Был он небольшого роста, с лунообразным лиловым лицом, хриплым голосом и лексиконом в структуре один-два-три, то есть одно нормальное слово у него чередовалось с двумя-тремя многоэтажными матами. Отзывался только на обращение «боцман».
В роте его побаивались, так как недостающие до пенсии годы он сумел-таки дослужить при школе, и теперь практически никого не боялся, мог выкинуть, что угодно. Особенно его боялись курсанты, боялись просто, так как какой-то видимой жестокостью Бугай не отличался. Его грубая, но беззлобная шумливость, скорее всего, и была причиной курсантской, и не только, боязни. Да и непредсказуемость тоже.
Поправив висящие в каптерке бушлаты, я помыл пол, протер, где надо, пыль и хотел уже уйти, но заметил наполовину заполненную корзину для бумаг и вернулся. Приподняв старинную резную деревянную урну-корзину, увидел в углу бутылку из-под чернил (согласно этикетке). Она была на 0,8 литра, темно-зеленая, и внутри что-то плескалось. Сверху была свернутая из газетной бумаги измазанная чернилами пробка.
Чертово мое любопытство! Вынул пробку, понюхал — на чернила не похоже. Постоял немного, снова понюхал — пахнет, как ром. Был тогда в продаже румынский ром по 27 с полтиной за поллитра .Я его как раз по пути в армию пробовал, поэтому понял, что это такое, по запаху.
В те времена, а дело было в пятьдесят девятом году, бытовая химия у нас находилась в зачаточном состоянии, каких-либо жидкостей для мойки, стирки практически не было, так что содержимое бутылки явно смахивало не на какую-нибудь отраву, а на обыкновенный ром. Ну, ром так ром, закрой и уходи. Куда там! Я взял на столе у Бугая кружку и налил в нее из бутылки то, что в ней было, где-то на палец. Снова понюхал, лизнул языком — таки ром! Выпил то, что налил, постоял, думал — не упаду ли. Ничего, нормально. Закрыл бутылку и хотел выйти из каптерки. Нет, опять вернулся, налил половину кружки, выпил, поставил бутылку на место, ополоснул из графина кружку, вылил в стоявший в углу фикус, закрыл дверь и отдал ключ дежурному.

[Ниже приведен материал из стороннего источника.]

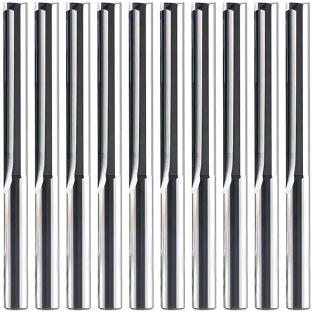 10pcs Two Flutes Straight Slot Milling Tools Cutting Edge Length(CEL): 4-62mmOverall Length(OVL): about 38-100mmApplicable materials:Cutting/Engraving/Carving/Grooving/Slotting/Drilling/Hollowing/Positioning/Roughing /Milling in materials likeMDF PVC Acrylic wood solid wood chipboard composite board organic board core board density board etc.Package Included:10PCS Straight Slot Milling Cutter
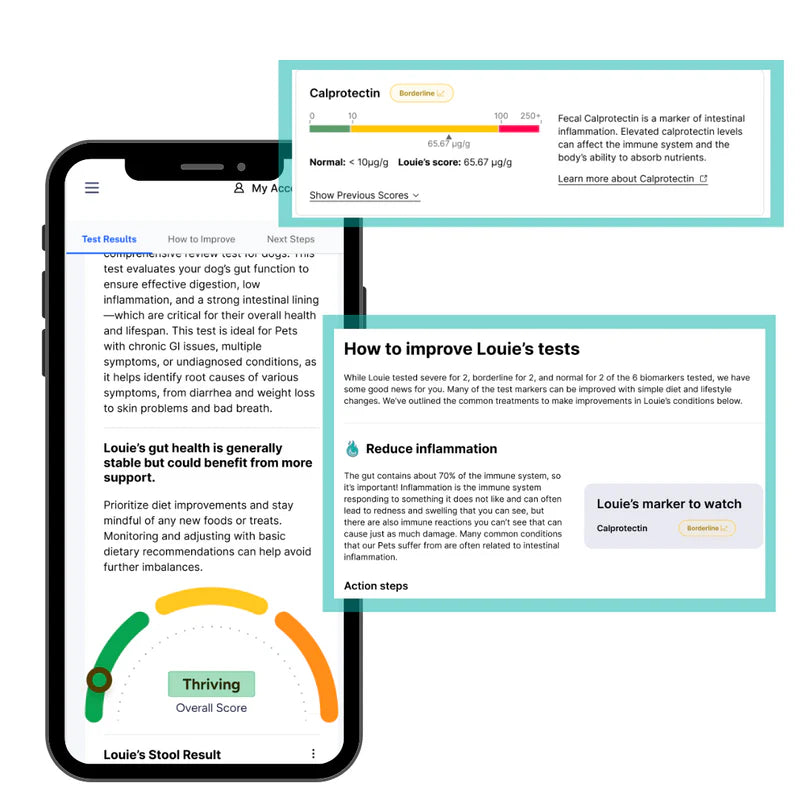 70% of the immune system is in the gut, so your pet’s gut health has a significant impact on their overall well-being. Our tests measure inflammation, immune response, and leaky gut so we can better identify and provide guided recommendations for common conditions your pet may be facing.

Часа через два, отстояв «навеселе» у тумбочки (все-таки больше месяца не выходили за территорию школы), лег отдыхать. Не успел заснуть — слышу рев боцмана: «Дежурный, мать перемать, хто мыв пол в каптерки?!» «Курсант Гурковский», — ответил подбежавший дежурный. «А ну давай сюды, мать перемать, того курсанта!»
Несмотря на то, что я уже не был «пацаном», пять лет отработал самостоятельно, что-то уже в жизни видел, внутри у меня все сжалось, и не из-за боязни, а из чувства определенной вины. Дежурный подошел меня будить, не понимая причину злости боцмана, но я, опередив его, встал, поправил обмундирование и пошел в каптерку, ожидая любого поворота событий, вплоть до рукоприкладства.

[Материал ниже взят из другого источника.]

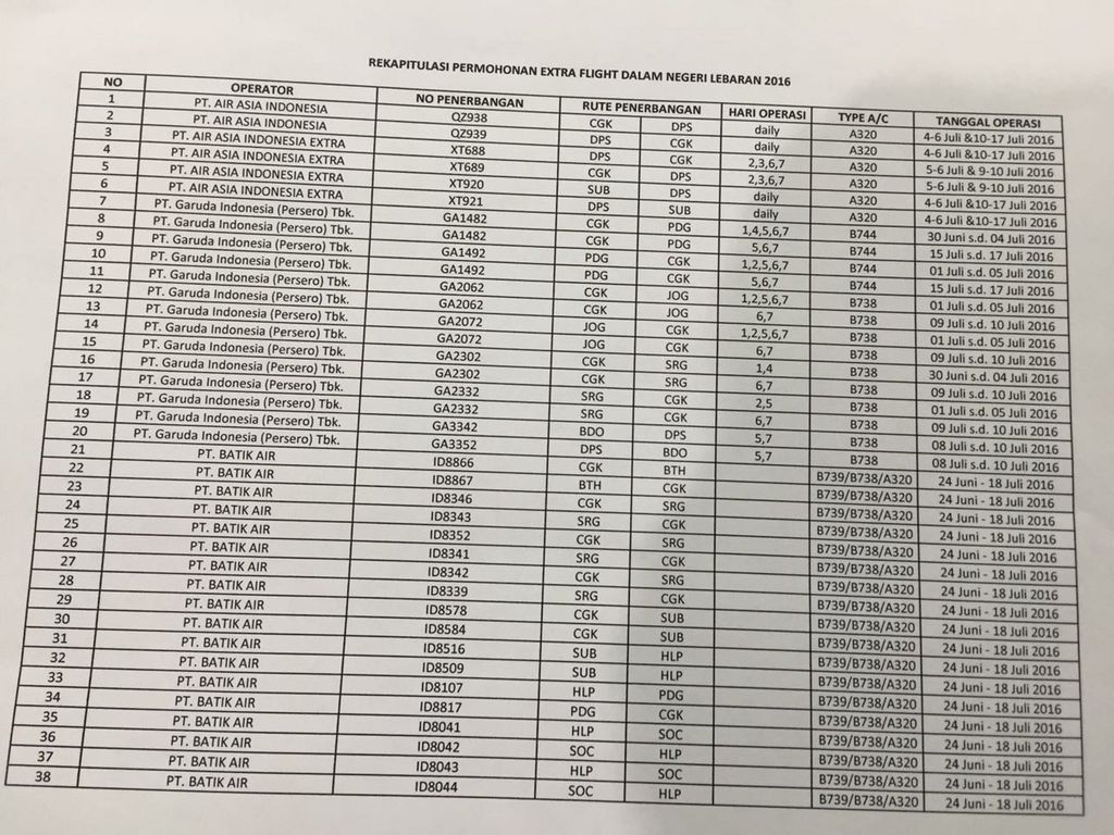 Berikut penambahan frekuensi atau rute penerbangan dengan rincian sebagai berikut:

Зашел, доложил. На удивление, Бугай изучающее на меня посмотрел, как будто впервые видел, и просто спросил, показывая в угол, где стояла корзина для бумаг: «Брав?» «Брал», — тут же ответил я. «Положи на мисто!». «А як же я положу, — перешел я на украинский, — в мэнэ ны погон, ны удостоверения ще ныма». «А гроши е?» «Е», — отвечаю. «Ты зараз стоиш, чи отдыхаеш?» «Отдыхаю». «Так вот, пока будэш «бодрствовать», сбигаеш в магазин, тут близько, я тоби маршрутный лыст на почту на два часы выпышу и на КПП провэду. Поняв»? «Так точно, все понял», — ответил я, и через десять минут мы с ним были на КПП, а еще через полчаса я принес в каптерку две бутылки рома.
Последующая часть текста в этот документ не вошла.